[Data entries]
• • • •

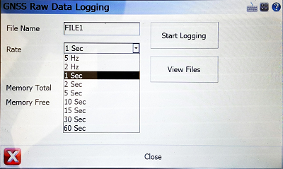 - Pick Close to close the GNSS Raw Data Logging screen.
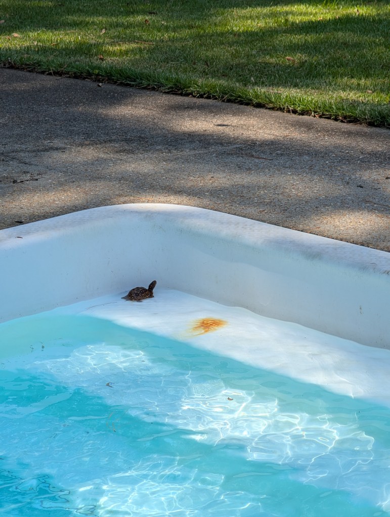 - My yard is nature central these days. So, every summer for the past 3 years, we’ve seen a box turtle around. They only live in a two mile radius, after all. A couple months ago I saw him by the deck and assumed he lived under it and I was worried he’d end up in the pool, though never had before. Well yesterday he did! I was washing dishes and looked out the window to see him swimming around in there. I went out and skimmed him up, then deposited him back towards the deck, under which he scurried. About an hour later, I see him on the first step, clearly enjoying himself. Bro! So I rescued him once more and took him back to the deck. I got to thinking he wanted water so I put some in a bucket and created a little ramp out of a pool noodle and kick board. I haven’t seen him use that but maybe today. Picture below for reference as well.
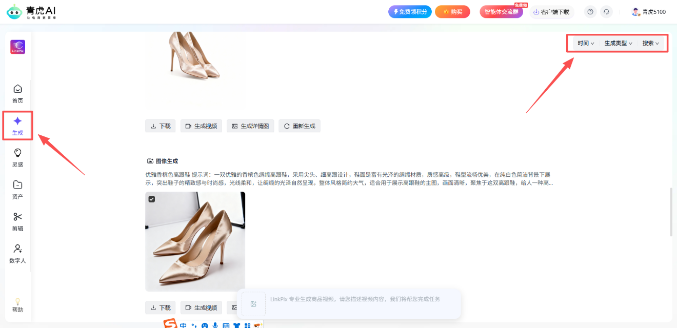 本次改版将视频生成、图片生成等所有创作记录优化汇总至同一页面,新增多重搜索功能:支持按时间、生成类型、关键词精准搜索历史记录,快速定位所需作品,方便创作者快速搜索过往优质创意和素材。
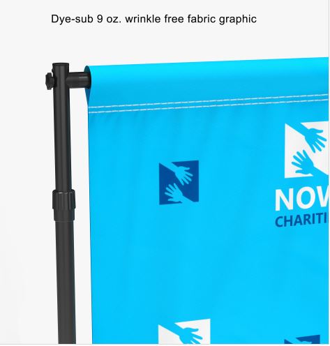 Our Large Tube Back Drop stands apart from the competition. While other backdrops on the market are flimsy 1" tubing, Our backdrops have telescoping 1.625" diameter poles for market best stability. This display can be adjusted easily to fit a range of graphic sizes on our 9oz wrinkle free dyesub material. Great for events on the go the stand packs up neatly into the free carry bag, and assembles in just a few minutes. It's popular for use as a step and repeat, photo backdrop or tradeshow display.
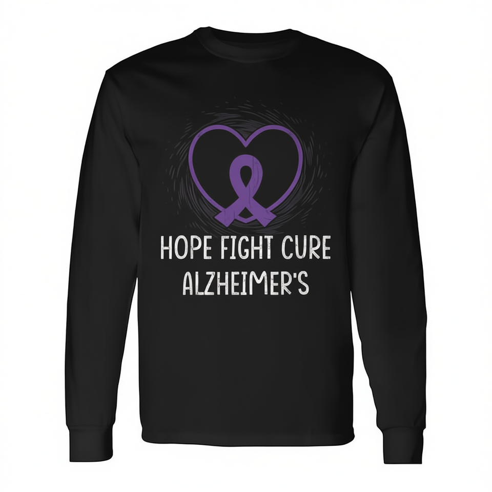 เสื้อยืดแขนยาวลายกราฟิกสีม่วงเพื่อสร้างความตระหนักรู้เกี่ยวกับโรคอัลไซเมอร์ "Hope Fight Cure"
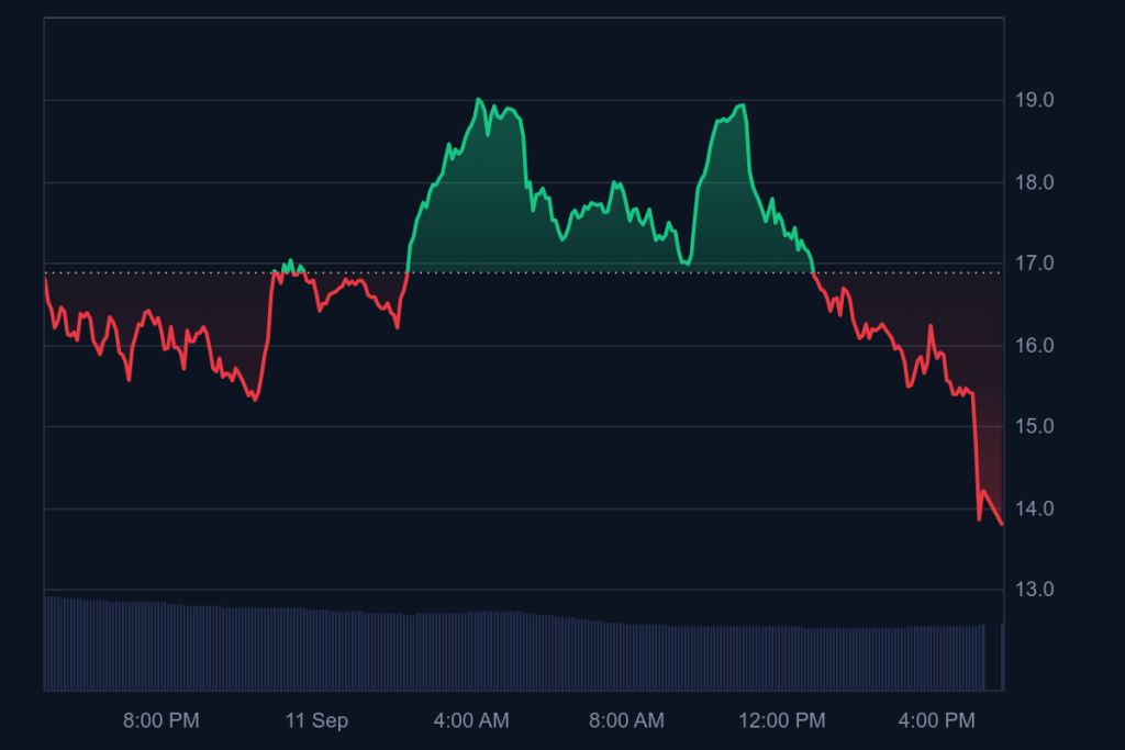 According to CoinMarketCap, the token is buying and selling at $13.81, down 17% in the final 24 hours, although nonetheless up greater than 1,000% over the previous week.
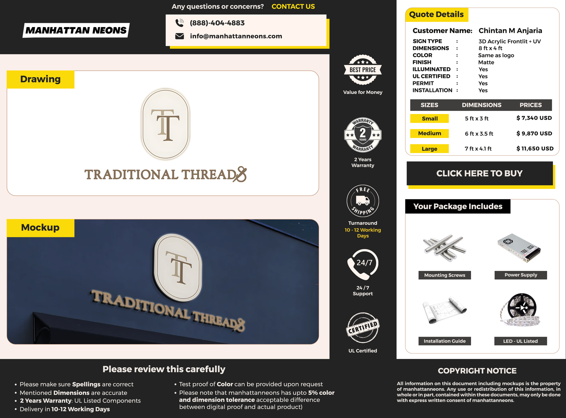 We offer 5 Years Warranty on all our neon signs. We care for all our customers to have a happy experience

• • • •

Task instructions: An exact copy of every record above is required, with all pictures omitted.

Answer to the problem:
 - Pick Close to close the GNSS Raw Data Logging screen.
 - My yard is nature central these days. So, every summer for the past 3 years, we’ve seen a box turtle around. They only live in a two mile radius, after all. A couple months ago I saw him by the deck and assumed he lived under it and I was worried he’d end up in the pool, though never had before. Well yesterday he did! I was washing dishes and looked out the window to see him swimming around in there. I went out and skimmed him up, then deposited him back towards the deck, under which he scurried. About an hour later, I see him on the first step, clearly enjoying himself. Bro! So I rescued him once more and took him back to the deck. I got to thinking he wanted water so I put some in a bucket and created a little ramp out of a pool noodle and kick board. I haven’t seen him use that but maybe today. Picture below for reference as well.
 本次改版将视频生成、图片生成等所有创作记录优化汇总至同一页面,新增多重搜索功能:支持按时间、生成类型、关键词精准搜索历史记录,快速定位所需作品,方便创作者快速搜索过往优质创意和素材。
 Our Large Tube Back Drop stands apart from the competition. While other backdrops on the market are flimsy 1" tubing, Our backdrops have telescoping 1.625" diameter poles for market best stability. This display can be adjusted easily to fit a range of graphic sizes on our 9oz wrinkle free dyesub material. Great for events on the go the stand packs up neatly into the free carry bag, and assembles in just a few minutes. It's popular for use as a step and repeat, photo backdrop or tradeshow display.
 เสื้อยืดแขนยาวลายกราฟิกสีม่วงเพื่อสร้างความตระหนักรู้เกี่ยวกับโรคอัลไซเมอร์ "Hope Fight Cure"
 According to CoinMarketCap, the token is buying and selling at $13.81, down 17% in the final 24 hours, although nonetheless up greater than 1,000% over the previous week.
 We offer 5 Years Warranty on all our neon signs. We care for all our customers to have a happy experience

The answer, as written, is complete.